Clinical diagnosis and predictive value of the central vein sign.
After the 3D FLAIR* MRI scan for perivenular assessment, patients were prospectively followed to allow for a clinical diagnosis to be achieved. Patients received (i) a MS diagnosis if fulfilling MS diagnostic criteria and no better explanation for the clinical presentation was found, despite red flags; (ii) a non-MS diagnosis if an alternative diagnosis better explained the clinical presentation. After follow-up, expert clinicians in each center, blinded to the results of the CVS assessment, came to an eventual clinical diagnosis. The value of the CVS to prospectively predict MS diagnosis was assessed.
Statistical Analysis.
Difference in perivenular frequency between MS and non-MS patients was tested using Mann-Whitney U test. Inter-rater reliability for the perivenular assessment was computed using Cohen’s κ.
Results
Patients
We prospectively included 51 patients. All patients underwent a single standardized 3T imaging research protocol including 3D FLAIR* MRI for CVS assessment. Of the 51 recruited patients, 1 had an uninterpretable scan due to motion artifact, and 11 did not receive a clinical diagnosis by the end of the study (Figure 1).
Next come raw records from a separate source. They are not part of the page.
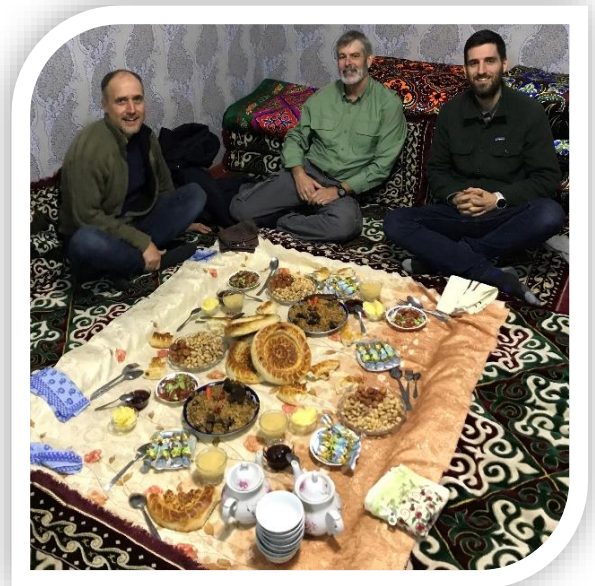
A typical meal in Kyrgyzstan
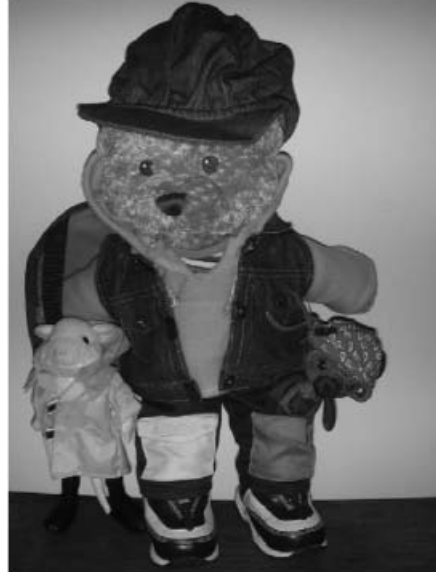
Fig. 1. Teddy bear, with and without accessories, used by Kuhn and Pease (in press).

do so. This content domain was selected to make it unlikely that superior performance on the part of the older group could be attributed to richer or more extensive content knowledge.
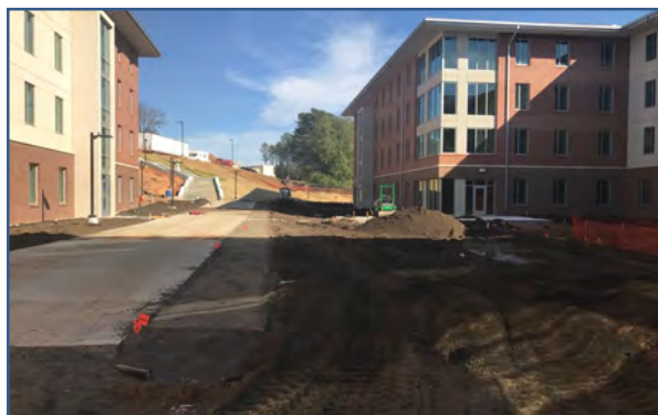
Top Soil Spreading
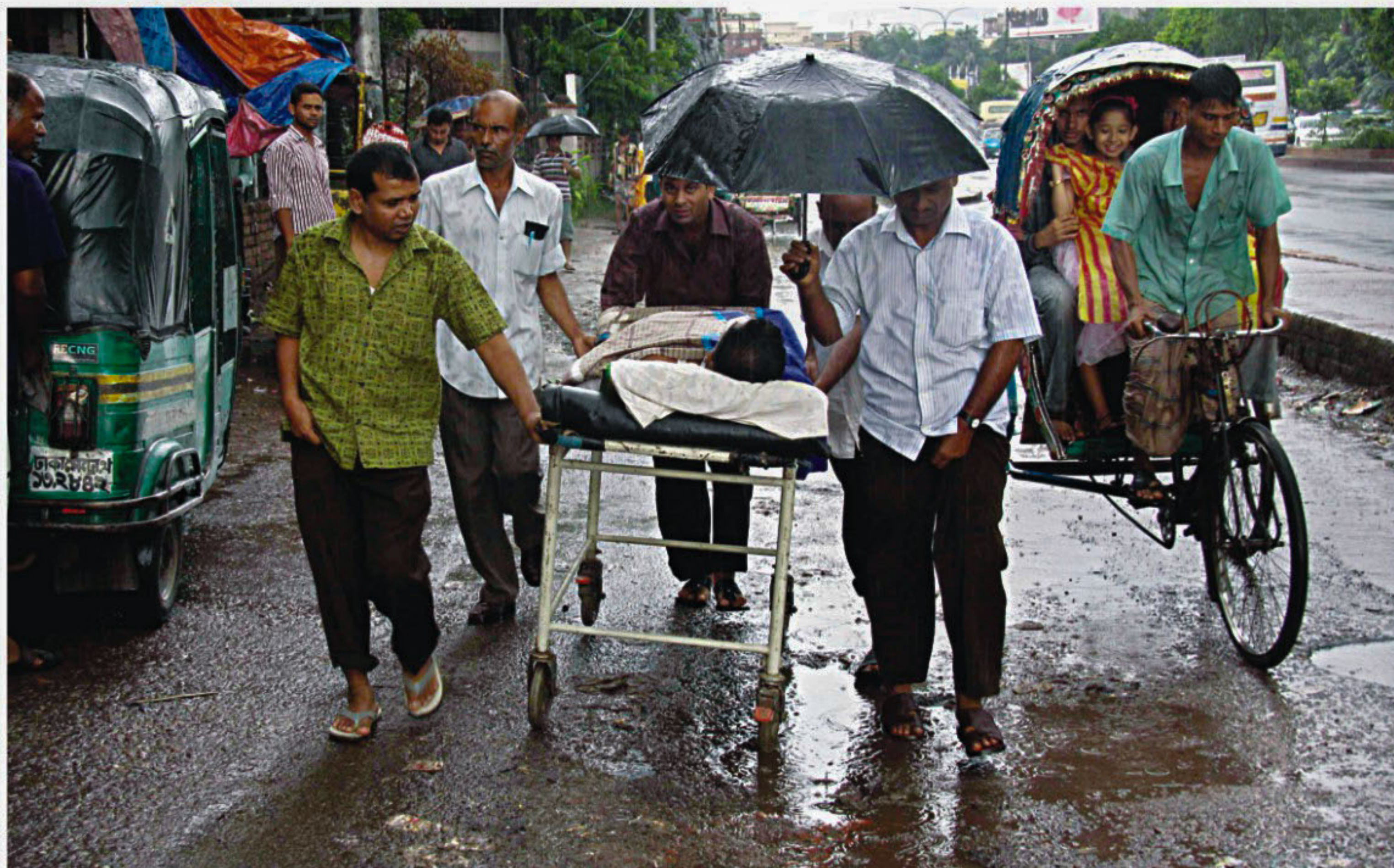
As many ambulance drivers are still on their extended Eid holidays, this patient had to be taken to a diagnostic centre two kilometres away from his clinic in Mohammadpur on a stretcher in pouring rain. The photo was taken yesterday afternoon near Suhrawardy Hospital.
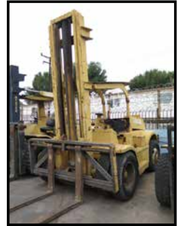
Hyster 18,000 Lb Cap Diesel Forklift
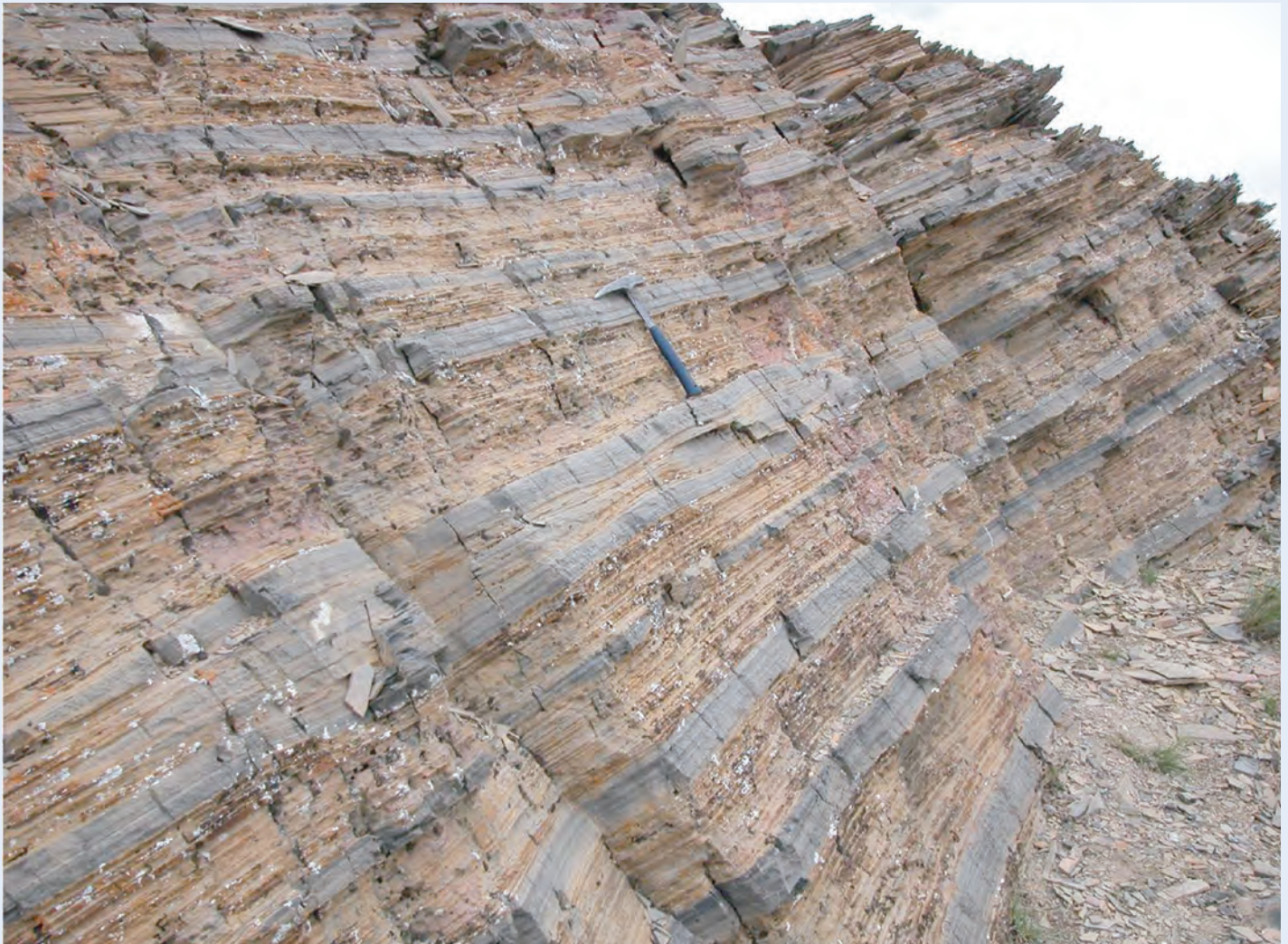
Figure 1: An enigma in the Late Devonian. While several argue that late Paleozoic glaciation began in the latest Devonian (Isaacson et al., 2008), the presence of 10^4 to 10^5 ky stratigraphic cycles in older Devonian successions, such as seen here at Devils Gate, Nevada, suggest the initiation of glaciation and glacioeustasy much earlier in the Devonian (Sandberg et al., 1988).

carbon sequestration efforts, the Earth could soon surpass \text{CO}_2 levels last experienced prior to the onset of our current glacial state 34 million years ago (NRC 2011). If observations of historic changes in climate and ecosystems under rising, but generally low atmospheric \text{CO}_2 levels are any indication, a future high \text{CO}_2 world will be drastically different than today. How different is the critical question. Without a clear analogue for our future, we proceed with great uncertainty with regards to how surface conditions and ecological processes will evolve with continued forcing (Hansen et al. 2008).
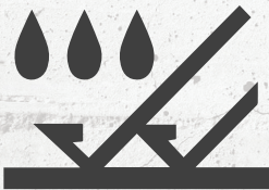
WASTE WATER RECYCLING
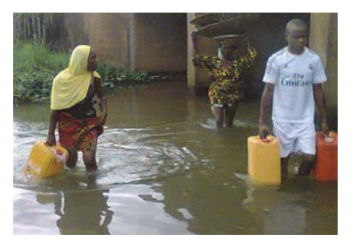
Plate 3: Ankpa Urban Residents abstracting water from Bridge-head section of Imabolo Stream.
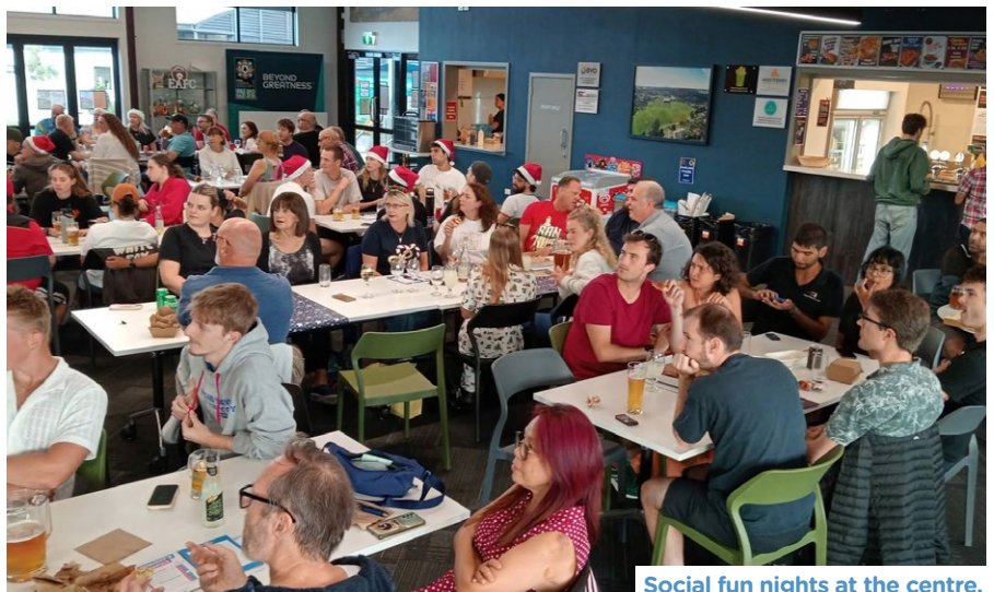
Social fun nights at the centre.

“What we’re really seeing is the wider community becoming more cohesive around the Centre. It’s becoming more than just a sports hub.”
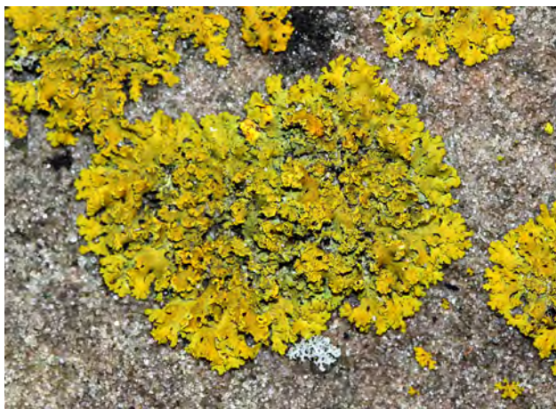
Candleflame lichen ( Candelaria concolor )
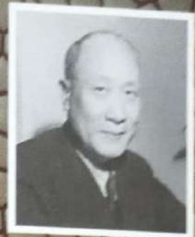
Dr. Peng-Chun Chang (China)
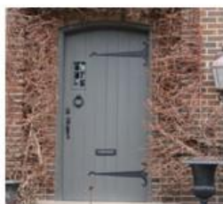
10. Painted wood front door with exposed, oversized hinge hardware, six-lite window, knocker, mail slot, and hardware
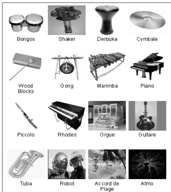
Figure 3. MIDI page of the instrument booklet

Unlike the first experiment, our system is given the exact same status as the usual instruments. This way we could see whether the children would still use the Wiimote system or revert to the standard instruments. Also, restricting the patients to only one instrument prevents them from being overwhelmed by the excitement induced by too large a choice.
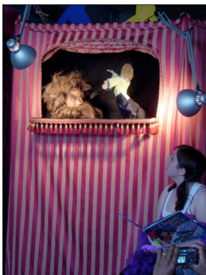
The PPT-Pro in action at Open Door Designs. Little Feste Presents performed by Puppets Without Borders .
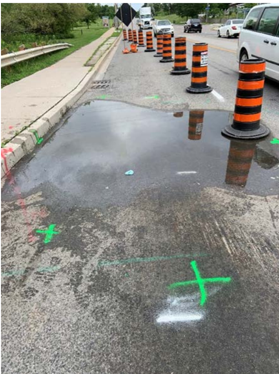
Figure 7- Image of surface settlement on McCowan Road
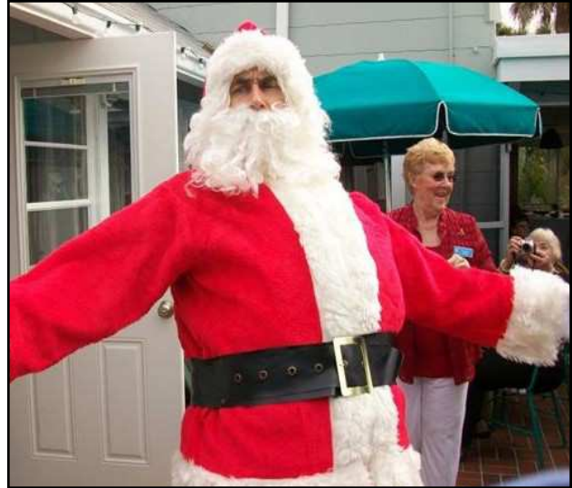
Santa was heard wishing everyone, "Merry Christmas to all and to all a good night!"
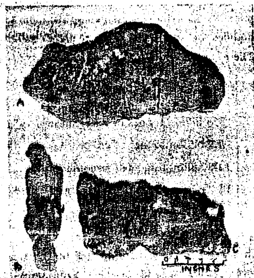
Fig. 3. Phosphorite nodules from the Pacific Ocean. A. Large nodule weighing 128 kg. B. & C. Smaller nodules.

Indonesia and Malaysia. Iron is being recovered from submerged deposits of Japan. Diamonds are also being recovered from shallow water deposits of South-West Africa. Surface mineral substances are also available in the form of phosphorite and manganese nodules (see Figs. 3 & 4). The manganese
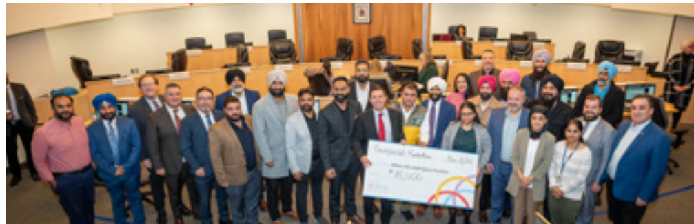
Our friends at 1350 Radio Humsafar raised $85,000 for Brampton's second hospital. This fundraiser was part of a special radio-thon, generating generous donations from callers and donors from across the city. Thank you to everyone who joined and to those who came to announce this achievement in our Council chambers. (December 2024)
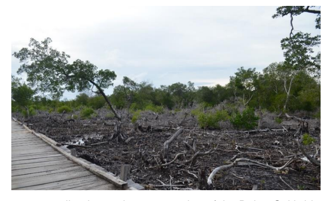
Figure 6. Mangrove mortality due to the construction of the Pulau Osi bridge in Kotania Bay

This is in line with Silver (1997), who states that the primary key to developing this potential is a database with adequate information on ecotourism opportunities and effective ways to disseminate information to "potential tourists".
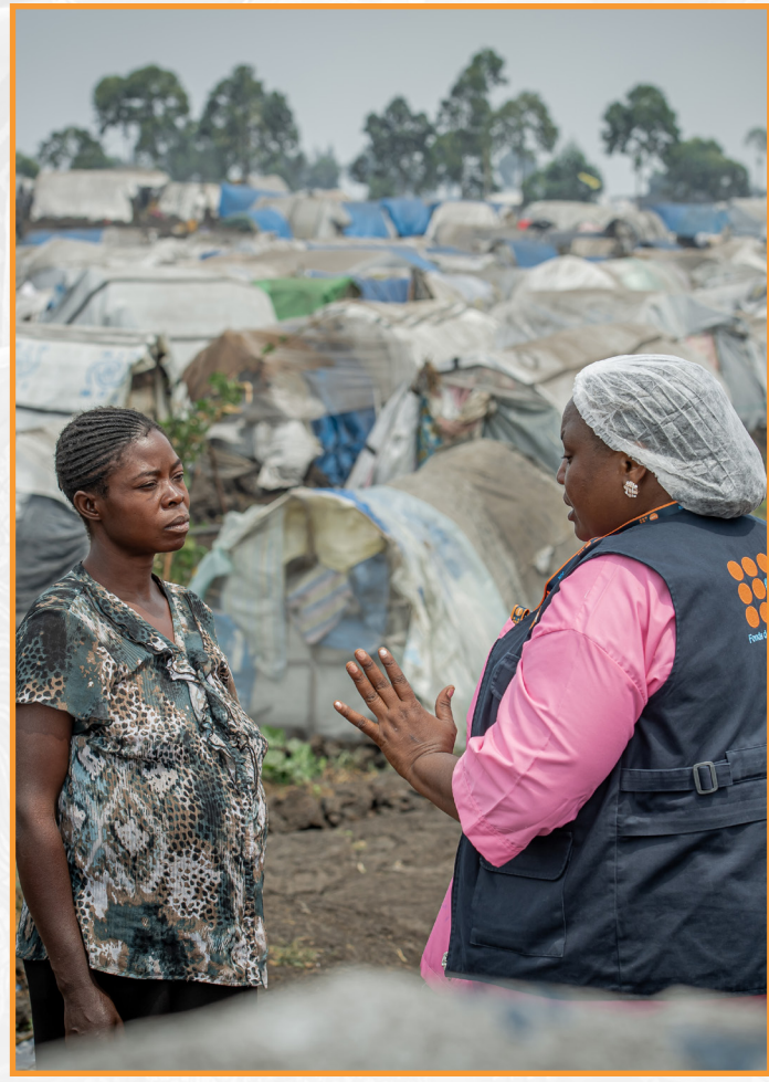
midwife with and pregnant woman in the Bulengo IDP site
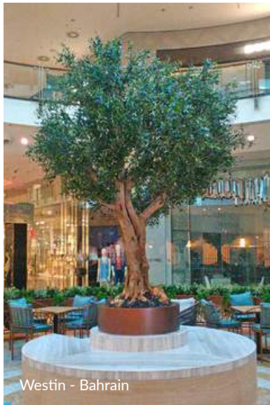
Westin - Bahrain

Our real trunks come from sustainable sources from either local or overseas suppliers. We begin by kiln drying the trunk to preserve the wood and remove any unwanted bugs. We add our canopy frame on top by using clever techniques that disguise any joins. Finally, we foliate with one of our premium FireSilx foliage choices. We end up with a tree preserved for life with the beautiful natural features nature produces.
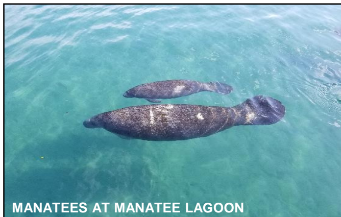
MANATEES AT MANATEE LAGOON

While sea turtle nesting season officially starts on March 1 st , the first leatherback sea turtle nest in the state was found a bit early on February 26 th in Palm Beach County. Leatherbacks are the first species to nest each season and they are the rarest of the three regularly-nesting species. Last year there were 949 leatherback nests in Florida and 305 of these were in Palm Beach County.
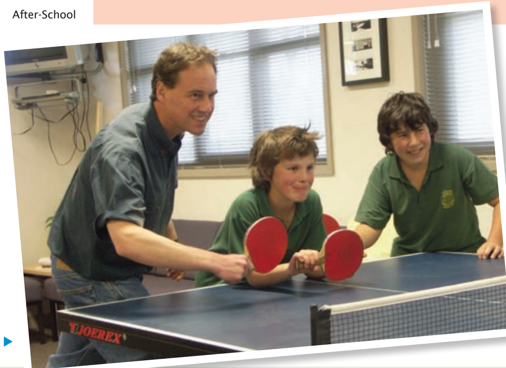
table tennis tournament at Cowes.
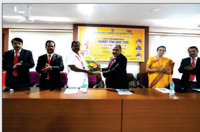
Bharati Star Grad – 2020
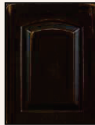
Black on Brown Maple
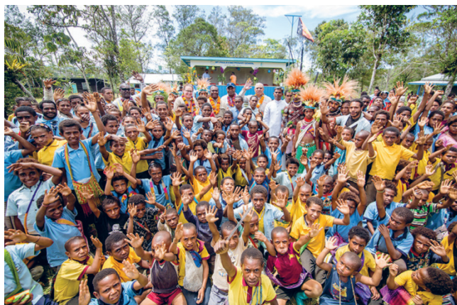
Students and teachers celebrate the handover of a new teacher's house at St. Paul's Primary School in Komo

EMPNG's support for schools, in partnership with provincial government authorities, in 2019 included: two new staff houses, a double classroom and sanitation facilities for Para Primary School; a new staff house and sanitation facilities for St. Paul's Primary School in Komo; and sanitation facilities for Redscar High School and Boera, Lea Lea and Papa primary schools.
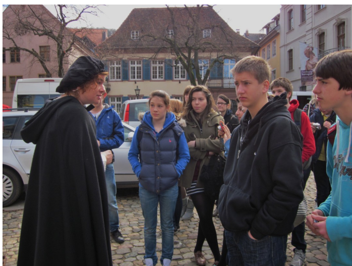
George Abbott students with Freiburg town guide (see item right)

Then in July our partners and their teachers from the Goethe Gymnasium in Freiburg came to stay with the George Abbot students who had participated in the German exchange. The German students had a guided tour of Guildford, a bus trip around central London, a day out in Brighton and spent the weekend with the English students.
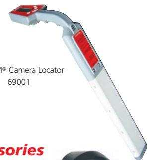
ROCAM® Camera Locator 69001
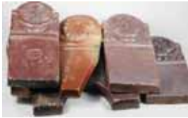
3. GARDEN TILES Assorted Auckland potters Garden Edging Tiles, Boyd & NZ Brick, Good
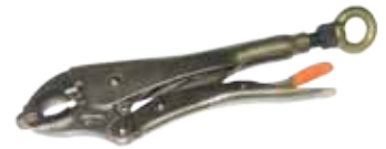
Article n°: LE1270
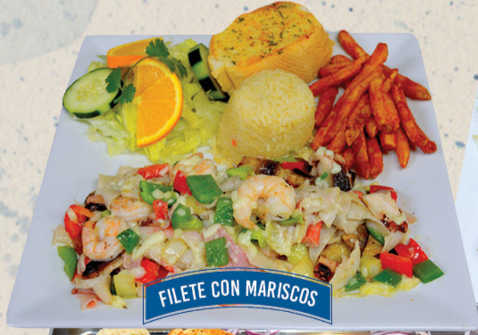
FILETE CON MARISCOS
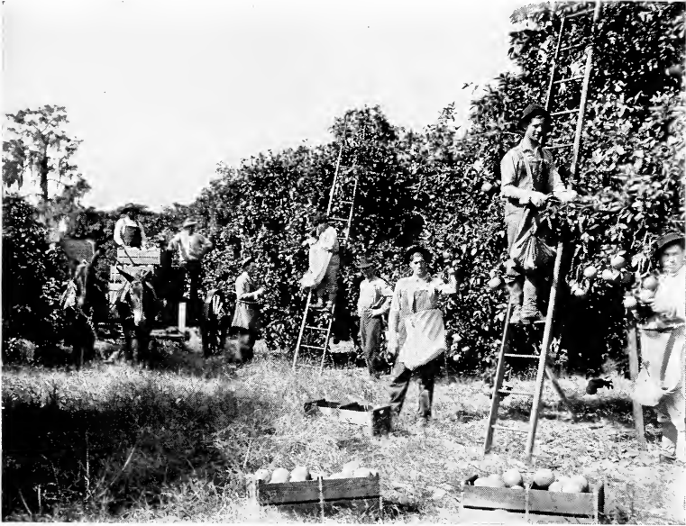
Klemm's Silver Cluster Grapefruit Grove—Fifteen Years Old Forty and Forty-five Boxes Per Tree

Care should be taken to thoroughly tamp down the soil, holding the top of the tree straight. Sprinkle a pound of good tree grower or vegetable fertilizer around each tree, lightly working it into the soil, but do not mix any fertilizer into the hole with the soil used for covering the roots, for these roots are very tender and might easily be injured or killed by such a practice.
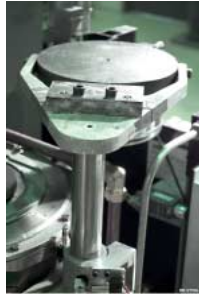
Fig. 5 Top end plug with modified mounting bracket.

The top end plug is a precision-machined plug equipped with pressure-sealing O-rings. The plug is located in the top of the pressure vessel and moves up for removal and down for insertion into the pressure vessel by means of a hydraulic ram. The frequent use wears out the O-ring, preventing the plug from sealing pressure, and requiring replacement. Remote changing of O-rings is possible, but due to location would be very awkward in this case. The plug was not altered, but the mounting fixture was modified, as shown in Fig. 5, so that the plug could be removed and taken to the repair area. A spare plug was purchased to allow for processing during maintenance of this item.
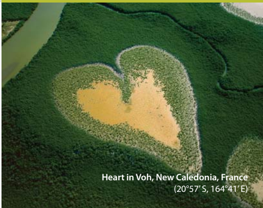
Heart in Voh, New Caledonia, France (20°57' S, 164°41' E)

Picture Earth is the first and leading organization dedicated to using art to help the general public embrace sustainable living.

All 39 patients who received a clinical diagnosis by the end of the study (30 females and 9 males), median age 46 years (range, 19–74 years), experienced at least one clinical episode compatible with a focal or multifocal demyelinating event in the CNS2 and had at least one clinical, laboratory, or imaging feature atypical for MS, hereafter termed “red flags” (Table 2).2,15,17,18 Of note, minor clinical red flags (in Table 2 denoted “Minor”), were features not specific of a disease involving the CNS but potentially associated with another systemic inflammatory/autoimmune disorder (SAD) involving the CNS. Patients carrying minor red flags needed at least another red flag to be included in this study.
Table 2:
Red flags | Patients | |
---|---|---|
Red flag type | Red flags (ID) | # patients (%) |
Clinical | ||
Age at symptoms onset >50 years old | C(1) | 7 (18%) |
History of SAD | C(2) | 6 (15%) |
History of oral/genital aphthosis or VT | C(3) | 5 (13%) |
Poor recovery or bilateral ON | C(4) | 4 (10%) |
Uveitis and/or retinal vasculitis | C(5) | 4 (10%) |
Hearing loss and branch retinal artery occlusion | C(6) | 1 (3%) |
Cognitive decline at onset | C(7) | 1 (3%) |
Minor | C(8) | 6 (15%) |
Laboratory | ||
Absence of OCB | L(1) | 14 (36%) |
Abnormal biomarkers of SAD | L(2) | 12 (31%) |
Proteinorrachia >100 mg/dL | L(3) | 4 (10%) |
Positive IgM Borrelia burgdoferi serology | L(4) | 1 (3%) |
Imaging | ||
Atypical morphology*/distribution WM lesions | I(1) | 12 (31%) |
Longitudinal extensive transverse myelitis | I(2) | 3 (8%) |
Diffuse meningeal contrast enhancement | I(3) | 3 (8%) |
Absence of ≥ 2 spinal cord MRI lesions in OCB negative suspected PPMS | I(4) | 3 (8%) |
Abbreviations: SAD: systemic inflammatory/autoimmune disorder; VT: venous thrombosis; ON: optic neuritis; OCB: CSF specific oligoclonal bands; RRMS: relapsing remitting MS; PPMS: primary progressive MS; Minor (i.e. “minor” red flags): spondyloarthritis, fibromyalgia, Raynaud’s phenomenon and history of joint inflammation with good response to corticosteroids.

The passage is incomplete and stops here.